PROXY FOR THE SPECIAL MEETING OF STOCKHOLDERS AT 10:00 A.M., LOCAL TIME, OCTOBER
                                   29, 1996,
AT ALLIANCE ENTERTAINMENT CORP., 4250 CORAL RIDGE DRIVE, CORAL SPRINGS, FLORIDA
 
    The undersigned hereby appoints ALVIN N. TELLER, JOSEPH J. BIANCO, ANIL K.

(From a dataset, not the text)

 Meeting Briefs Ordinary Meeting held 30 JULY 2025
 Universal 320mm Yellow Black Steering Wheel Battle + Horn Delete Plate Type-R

NARANG and ELLIOT B. NEWMAN, and each of them, with power of substitution, as
proxies of the undersigned to vote all shares of stock which the undersigned is
entitled in any capacity to vote at the above-stated Special Meeting, and at all
adjournments and postponements thereof in their discretion, upon such other
matters as may properly be brought before the meeting. This proxy revokes all
prior proxies given by the undersigned.
 
    ALL PROPERLY SIGNED PROXIES WILL BE VOTED AS DIRECTED. ALL ABSTAIN VOTES
WILL BE COUNTED IN DETERMINING THE EXISTENCE OF A QUORUM AT THE SPECIAL MEETING,
BUT WILL NOT BE VOTED IN FAVOR OF THE PROPOSAL AS TO WHICH SUCH ABSTAIN VOTE WAS
DIRECTED. IF NO DIRECTION IS MADE, THIS PROXY WILL BE VOTED FOR APPROVAL OF THE
ISSUANCE OF SHARES OF COMMON STOCK UPON CONVERSION OF SERIES A CONVERTIBLE
PREFERRED STOCK (PROPOSAL 1) AND FOR RATIFICATION OF THE STOCK ACQUISITION AND
MERGER AGREEMENT SO AS TO APPROVE THE ISSUANCE OF CONTINGENT STOCK CONTEMPLATED
THEREBY (PROPOSAL 2).
 
    RECEIPT OF THE NOTICE OF MEETING AND PROXY STATEMENT IS HEREBY ACKNOWLEDGED.
 
    1. Approval of issuance of Common Stock upon conversion of the Series A
       Convertible Preferred Stock of Alliance Entertainment Corp.
 
            / /  For            / /  Against            / /  Abstain
 
                                                     (CONTINUED ON REVERSE SIDE)
<PAGE>
(CONTINUED FROM REVERSE SIDE)
 
    2. Ratification of the Stock Acquisition and Merger Agreement so as to
approve the issuance of Contingent Stock contemplated thereby.
 
            / /  For            / /  Against            / /  Abstain
 
    PLEASE SIGN, DATE AND MAIL THE PROXY CARD PROMPTLY USING THE ENCLOSED
ENVELOPE.
 
    THE BOARD OF DIRECTORS RECOMMEND A VOTE FOR PROPOSALS 1 AND 2.
                                              SIGNATURES: ______________________
                                              __________________________________
                                              DATE: ____________________________
 
                                              NOTE: Joint Owners should EACH
                                                    sign. Please sign EXACTLY as
                                                    your name(s) appear(s) on
                                                    this card. When signing as
                                                    an attorney, trustee,
                                                    executor, administrator or
                                                    guardian or corporate
                                                    officer please give full
                                                    name as such.